What is needed: Reproduce exactly the lines from the start of the records through the line containing "They were in", both included. Leave the pictures out.

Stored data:
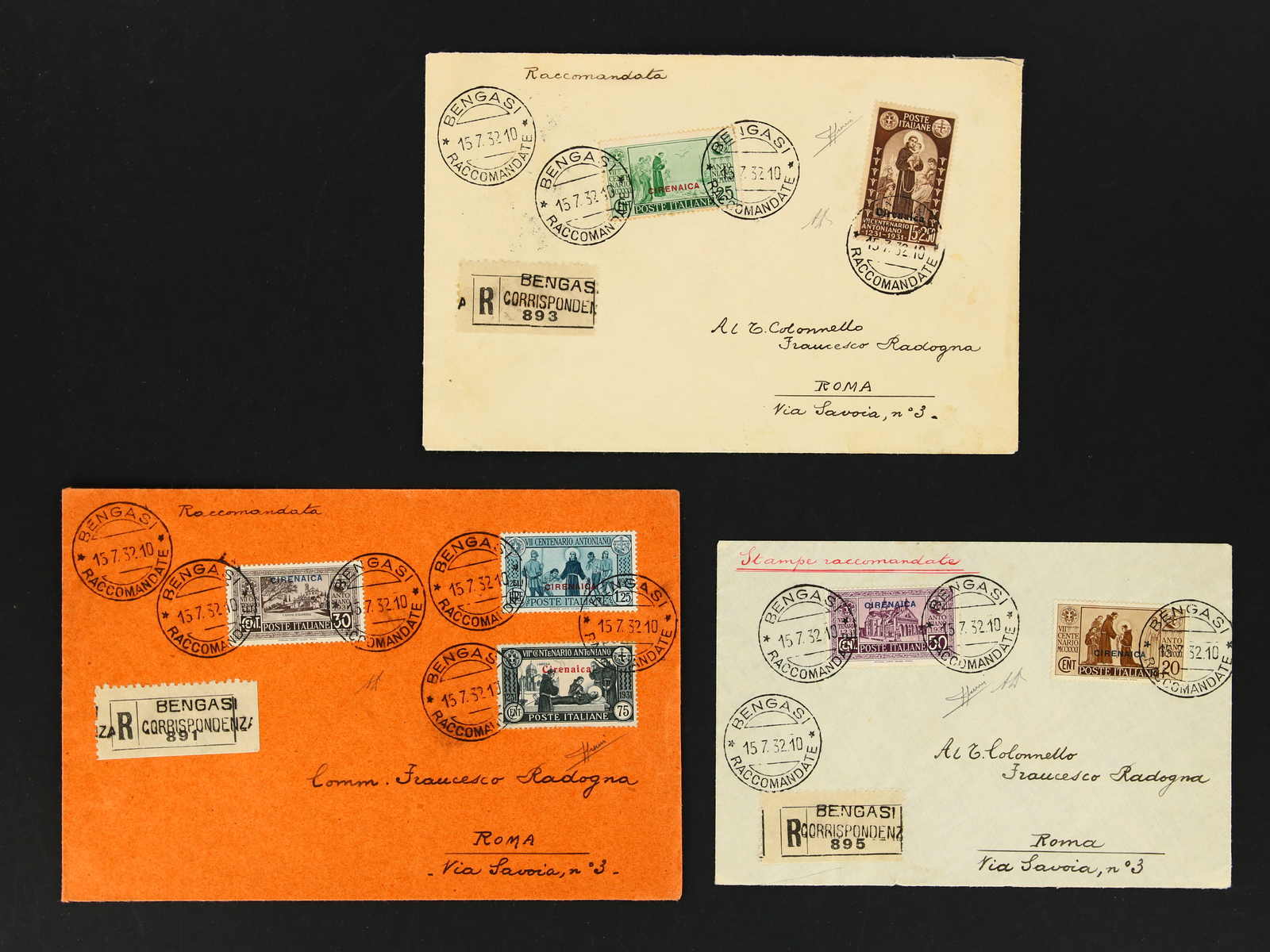 1932, Cirenaica S.Antonio, full set on three registered covers sent from Bengasi to Roma, Sassone 86-92, cat. 825 € (Image) (imagea)
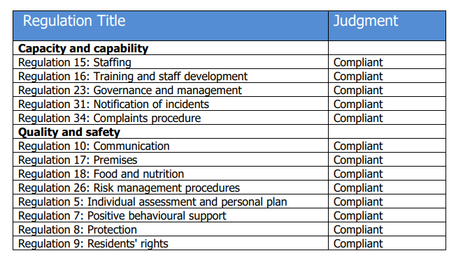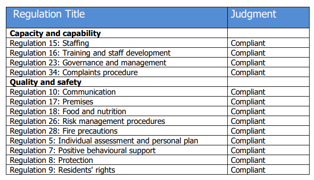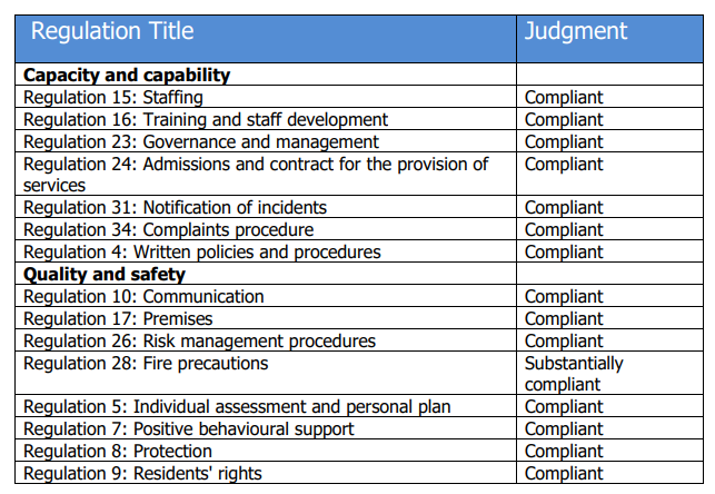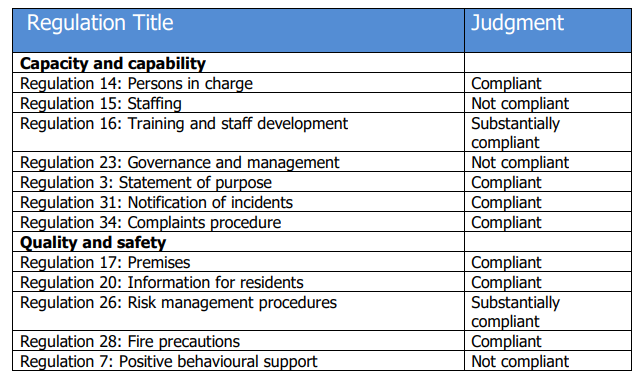 They were in the areas of Staffing, Governance and Management and Positive Behavioural Support.
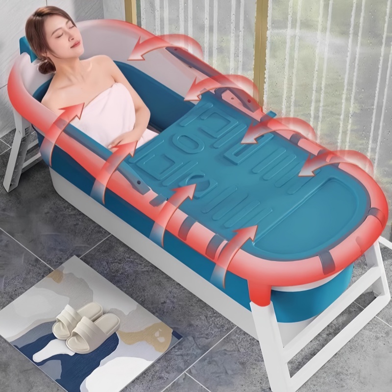 Indulge in superior comfort with this large-capacity Portable Folding Bathtub. Designed for a truly immersive experience, it holds 350 liters of water yet remains highly practical-folding down to a slim, easy-to-store size. The bathtub comes equipped with a neck rest, foot massager, and soap dish for instant spa-like luxury. It ensures safety with a non-slip foot and is built to support up to 100 kg. Simple to set up without tools and designed to fit most bathrooms, this innovative tub offers the perfect blend of deep relaxation and everyday convenience.
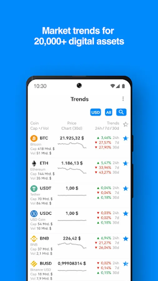 Modify your app template by switching between a day/night mode, set up price alerts in your portfolio, take advantage of widgets for quick access to your portfolio, get historical coin trends, and much more!
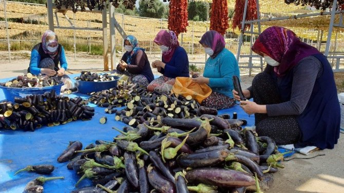 Ünü Türkiye’yi aşan mahallede yollardan bahçe ve çatılara kadar her yer patlıcan, biber, kabak gibi kurutulmaya bırakılan yaz sebzeleri ile dolu. Patlıcan vadisi olarak bilinen Aydın’ın Nazilli ilçesindeki Yıldıztepe Mahallesi’nde kurutulan patlıcanlar, dünya mutfaklarının da vazgeçilmezi haline gelmiş durumda.
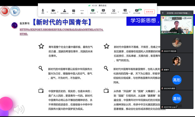 中国青年始终是实现中华民族伟大复兴的先锋力量。在首日教育中,各年级、专业还通过辅导员、学生干部领学,学生自学和研讨等形式,学习了《新时代的中国青年》白皮书。通过学习,引导学生坚守“永久奋斗”的光荣传统,在平凡岗位上奋斗奉献,在急难险重任务中冲锋在前,在基层一线经受磨砺,在创新创业中走在前列,在社会文明建设中引风气之先,生动展现出新时代中国青年的良好风貌。在“青年有话说”互动环节,学生就近期疫情、山火、地震等事件中展现的无数青年一代以青春之姿坚守在一线进行了热烈交流,纷纷表示作为清醒自知的青年,不能被“信息茧房”包围,把自己束缚在舒适圈中,而是应当对世界心存敬畏,正直有为。

Problem solution:
 1932, Cirenaica S.Antonio, full set on three registered covers sent from Bengasi to Roma, Sassone 86-92, cat. 825 € (Image) (imagea)
 They were in the areas of Staffing, Governance and Management and Positive Behavioural Support.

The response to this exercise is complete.